ML-Ready Datasets: Difference between revisions

Revision as of 16:40, 18 June 2024

Machine Learning (ML)-Ready datasets are structured datasets that have been pre-processed and organized which makes them suitable for training ML models. These datasets typically do not require any further modifications and allow users with little to no scripting experience or domain knowledge to streamline the model development process. Bioinformatics has greatly benefited from ML-ready datasets in areas such as protein structure prediction, biomarker discovery, clinical data analysis, and systems biology. Various -omics datasets, including glycomics, proteomics, genomics, and transcriptomics, have been leveraged to drive these advancements.

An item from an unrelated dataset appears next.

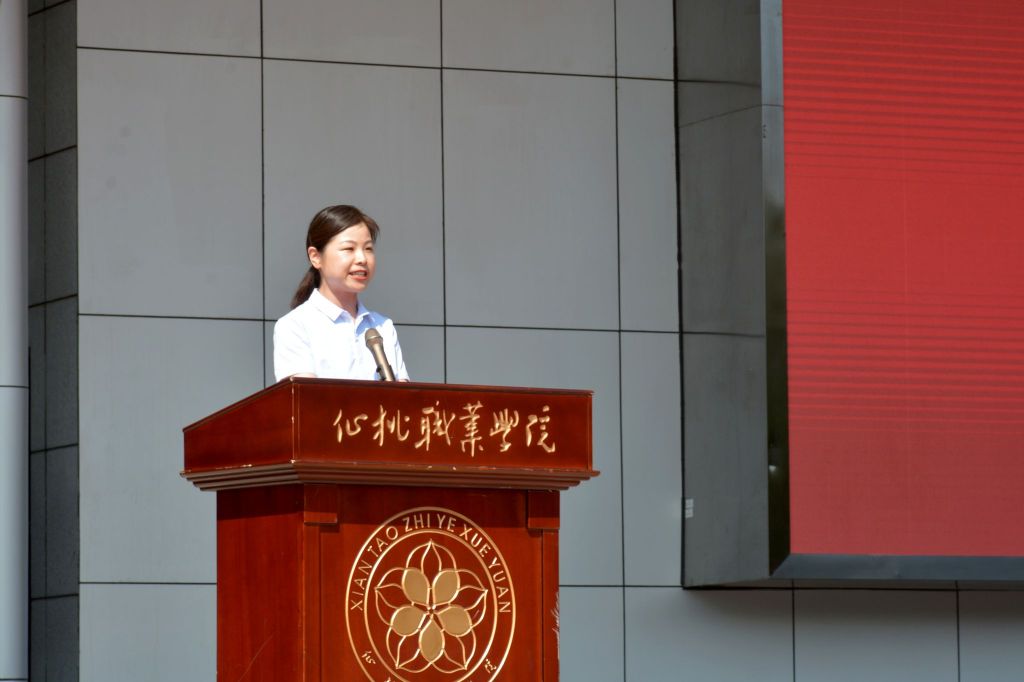 仙桃职业学院党委书记邓念国代表学院向全体新同学表示热烈的欢迎并提出殷切希望。一要坚定理想信念,做一个有高度的仙职人。要自觉用习近平新时代中国特色社会主义思想定位导航,坚定听党话、跟党走,响应时代召唤,勇立时代潮头,争当时代先锋,用实际行动践行“请党放心、强国有我”的青春誓言,在强国复兴路上奋力跑出仙职学子的最好成绩。二要加强品德修养,做一个有厚度的仙职人。要培育和践行社会主义核心价值观,明大德、严公德、守私德,求真理、悟道理、明事理,知行合一、德技并修,追求品质、追求卓越,在技术技能的传承创新中,努力锻造有大爱大德大情怀的“匠人匠心”,奋力书写属于仙职学子的诗和远方。三要热爱职业教育,做一个有温度的仙职人。作为未来的能工巧匠、大国工匠,要坚定技能成才的信心,保持昂扬向上的姿态,主动培养专业兴趣,充分挖掘自身潜质,走好仙职学子的技能报国之路。四要刻苦学习本领,做一个有力度的仙职人。要利用学院提供的一切资源,在不同课程中发散思维,在大师讲座中启迪心智,在图书馆中博览群书,在实训室中反复操练,在社团活动中提升能力,在社会实践中洞察社会,求真学问,学真技能,练真本领,与学院一道在探索职教改革、推进高质量发展中蹚出路子、做出示范,在服务经济社会、助力产业升级中展现仙职学子的责任担当。五要塑造健康体魄,做一个有硬度的仙职人。要做好自我管理,养成良好习惯,走下网络,走出宿舍,走向操场,积极参加体育锻炼,磨练坚韧的意志品质,培养良好的心理素质,努力成长为身心健康的硬核青年,在各项重大赛事、各类重大舞台绽放仙职学子的卓然风采,在青春仙职迈上新的台阶,实现新的突破,谱写青春华章,铸就青春梦想。

ML-ready datasets also provide novice bioinformaticians with the ability to explore ML techniques without requiring extensive expertise in the subject matter. This, in turn, promotes the growth of bioinformaticians by helping them understand the nuances of -omic data curation and how these factors impact modeling approaches.

Applications and Examples

Sequence Analysis

ML-ready datasets have enabled researchers to identify sequences, mutations, and variants by training models that can recognize patterns in DNA, RNA, and protein sequences.

Examples:

Identifying the protein molecular phenotypes that are associated with human missense variants^[1].
Investigating RNA-seq expression data to determine genes associated with disease^[2].

Biomarker Discovery

ML-ready datasets can help identify biomarkers for diseases to help facilitate early diagnosis, prognosis, and the development of targeted therapies.

Examples:

Leveraging genomics and healthcare data to identify genes associated with targeted diseases to predict the burden of risk^[3].
Identifying biomarkers associated with cardiovascular disease^[4].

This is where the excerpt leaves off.